# Word problem

1. Apr 21, 2004

### OptimusPrime

An object weighing 128 pounds is suspended from a spring, streching the spring 2 feet beyond its natural length. The object is then released from rest at a point 6 inches above the equilibrium position.

a. Find a function which describes the position of the object at any time t.
b. What is the position of the object at time t= pi/12 sec? be precise
c. Is the object moving upward or downward at this time? Explain

2. Apr 21, 2004

### OptimusPrime

able to get some done but stuck

mg = kx ..... to solve for 'k'"

Okay, "mg" is the weight of the object, which we are told is 128 pounds. And "x" is the distance the spring is stretched by that weight- we are told that's 2 feet.

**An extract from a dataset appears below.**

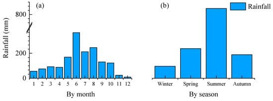 The monthly and seasonal variations in annual precipitation in the study area are shown in Figure 3. It can be seen that the accumulated precipitation on the monthly scale ranged from 10 to 366 mm, with a monthly average precipitation of 133 mm. While June saw the highest precipitation and December the lowest, the precipitation was mainly concentrated from May to October, with an accumulated precipitation of 1247.3 mm, accounting for 78.1% of the total annual volume, and an average precipitation intensity of 6.78 mmd−1. Precipitation on the seasonal scale was concentrated in spring and summer, accumulating 1174.9 mm, accounting for 73.6% of the total annual volume with an average precipitation intensity of 6.39 mmd−1 (including 823.9 mm in summer, accounting for 51.61% of the total annual precipitation with an average precipitation intensity of 8.96 mmd−1, and 351 mm in spring, accounting for 21.99% of the total annual volume with an average precipitation intensity of 3.82 mmd−1). Seasonally, the order of precipitation quantity is as follows: summer (824 mm) > spring (351 mm) > autumn (279 mm) > winter (143 mm). The precipitation intensity order is as follows: summer (8.96 mmd−1) > spring (3.82 mmd−1) > autumn (3.07 mmd−1) > winter (1.57 mmd−1).
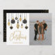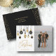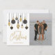 Flat holiday photo greeting cards feature black and gold (not metallic) Christmas tree ornaments with the words Merry Christmas and your family name on the front. Your personalized greeting and first names are printed on the back. PRINTED and/or INSTANT DOWNLOAD! MATCHING items in our collection.

mg= kx is 128= 2k. What's k?

mx" + kx = 0"

Since mg= 128, m= 128/g= 128/32.2= 3.97.

k = 64

m =128/32 = 4

4x" + (64)x = 0

x" + (4^2)x = 0

x = A * cos(4t) + B * sin (4t)

Is this right? I don't know how to finish the problem. Help please

3. Apr 21, 2004

### OptimusPrime

Please can anyone help. Am struggling with this and have to hand it in first thing tomorrow. I would really really appreciate it.

Thanks

4. Apr 21, 2004

### matt grime

resolve the forces on the object using hooke's law, and then use F=ma = "mx double dot"

5. Apr 21, 2004

### OptimusPrime

I don't know how to do that can you please show me how

6. Apr 22, 2004

### jepe

The system is an undamped mass-spring system.
the natural period of the system is:
T = 2*pi*sqrt(m/k) = 2*pi*sqrt(128/64) = 2*sqrt(2)*pi
This may help you to calculate the position at any time using the equation:
x(t) = 6*cos(2*pi*t/T) (inch)
for t=0 : x(0) = 6 inch (start position)
for t=T/2 : x(T/2) = -6 inch (lowest point after half cycle)
for t=T : x(T) = 6 inch (after one full harmonic cycle, assuming no damping force)
you should be able to answer questions b and c now.